BEGIN Given information
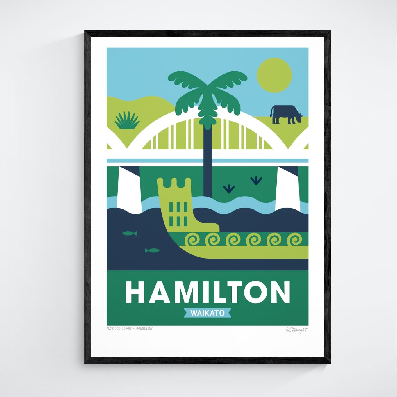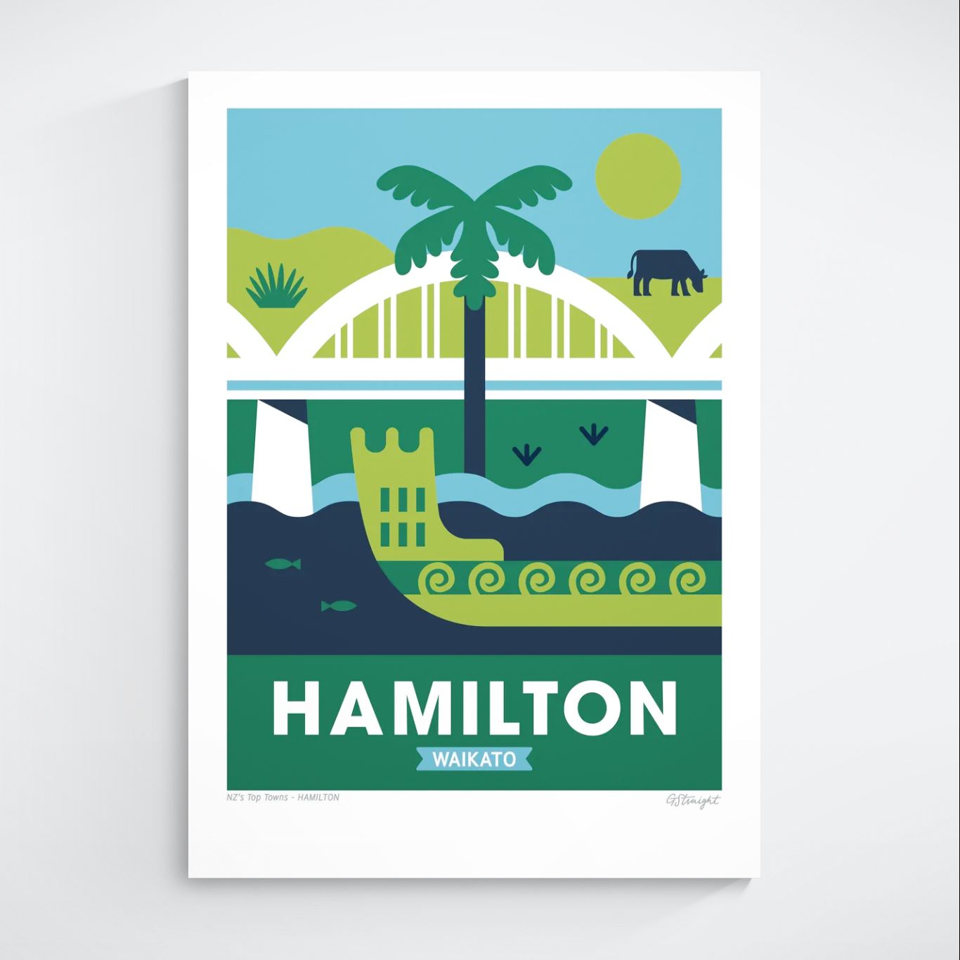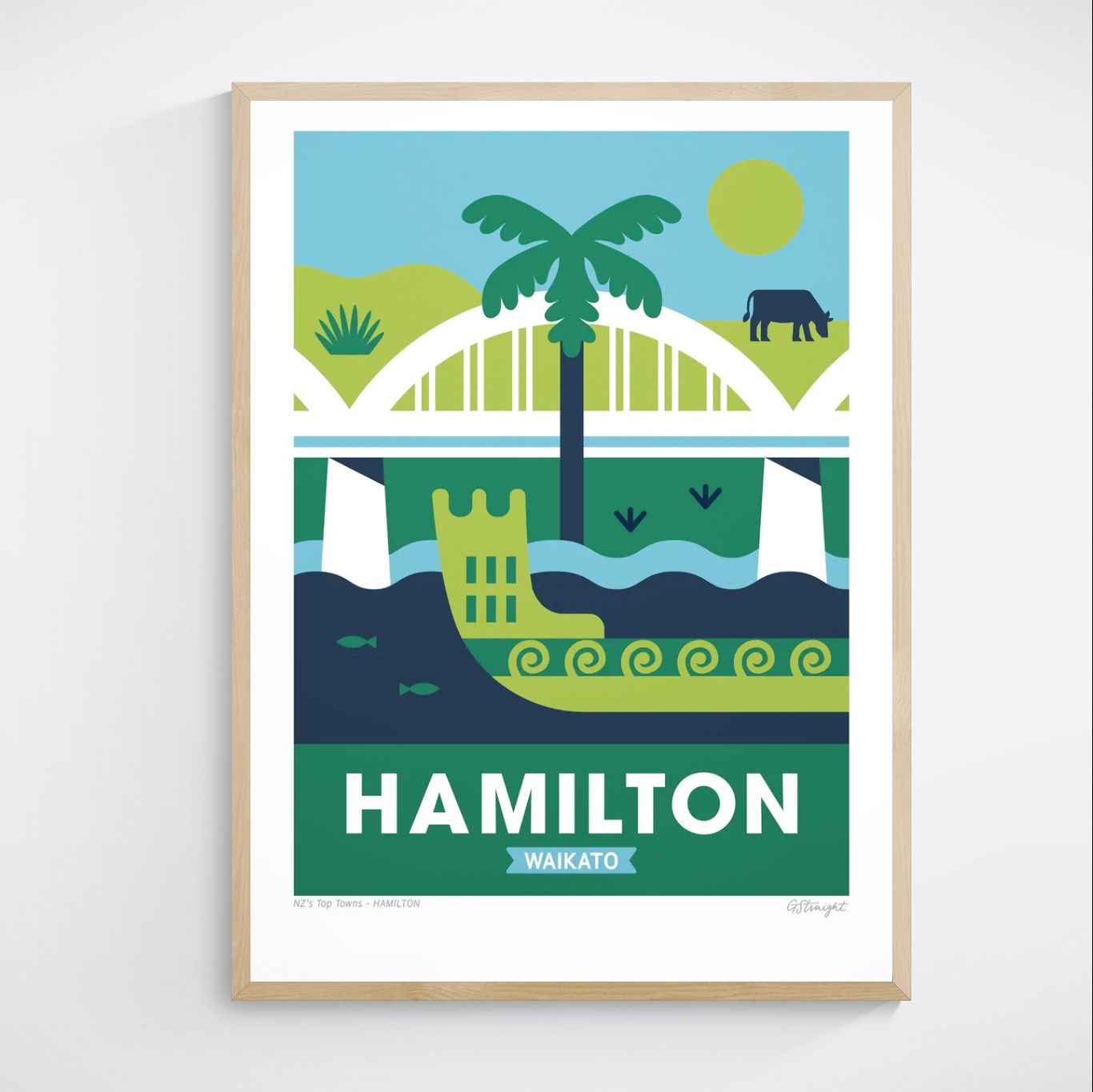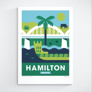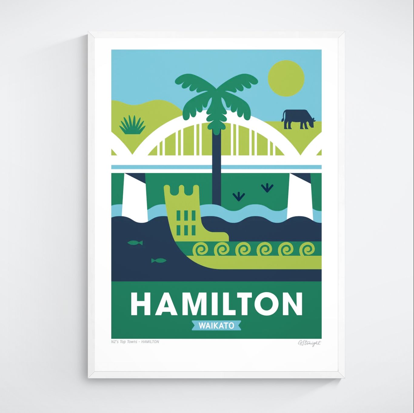 This Hamilton art print highlights the character of the Mighty Waikato. Featuring the iconic Victoria Bridge, a traditional waka gliding on the Waikato River, and the rolling farmland dotted with cows, capturing the essence of the region’s cultural heritage and rural charm.
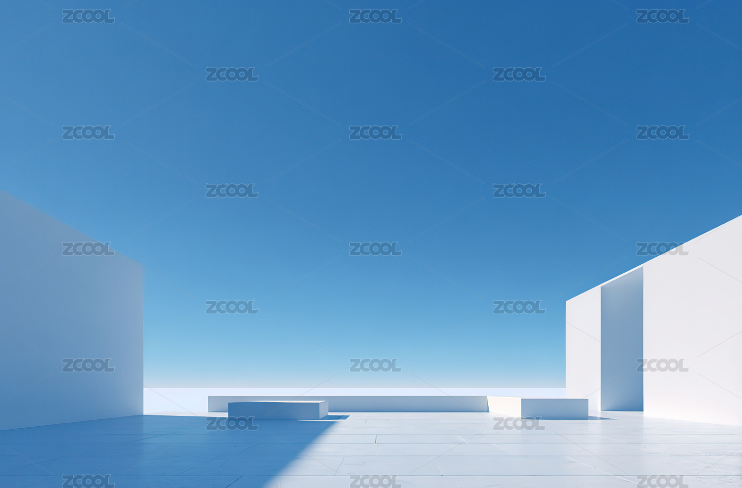 白色空旷的室外建筑场景3D渲染
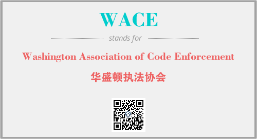 上述内容是“Washington Association of Code Enforcement”作为“WACE”的缩写,解释为“华盛顿执法协会”时的信息,以及英文缩略词WACE所代表的英文单词,其对应的中文拼音、详细解释以及在英文中的流行度和相关分类、应用领域及应用示例等。
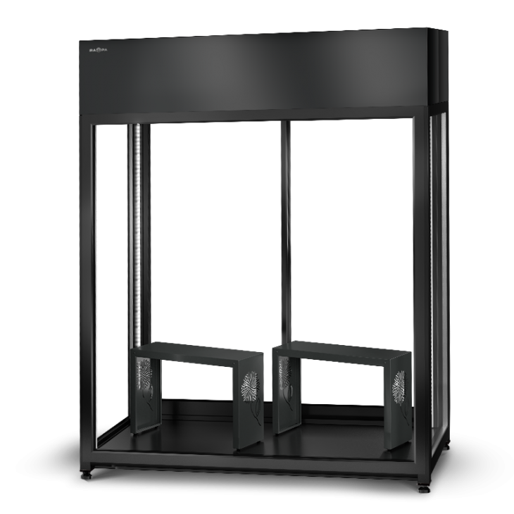 Dzięki panoramicznym, hartowanym szybom, zapewnisz doskonały widok z każdej strony. Dasz kwiatom przestrzeń, bo możesz zarówno postawić rośliny w zbiornikach, jak i powiesić gotowe kompozycje na poprzeczce lub wyeksponować na dodatkowych, wiszących półkach.
END Given information
- _Work required_
Going from the line that holds "白色空旷的室外建筑场景3D渲染" to the end of the listing above, copy each line exactly and nothing more, leaving pictures aside.

- _Your response_
 白色空旷的室外建筑场景3D渲染
 上述内容是“Washington Association of Code Enforcement”作为“WACE”的缩写,解释为“华盛顿执法协会”时的信息,以及英文缩略词WACE所代表的英文单词,其对应的中文拼音、详细解释以及在英文中的流行度和相关分类、应用领域及应用示例等。
 Dzięki panoramicznym, hartowanym szybom, zapewnisz doskonały widok z każdej strony. Dasz kwiatom przestrzeń, bo możesz zarówno postawić rośliny w zbiornikach, jak i powiesić gotowe kompozycje na poprzeczce lub wyeksponować na dodatkowych, wiszących półkach.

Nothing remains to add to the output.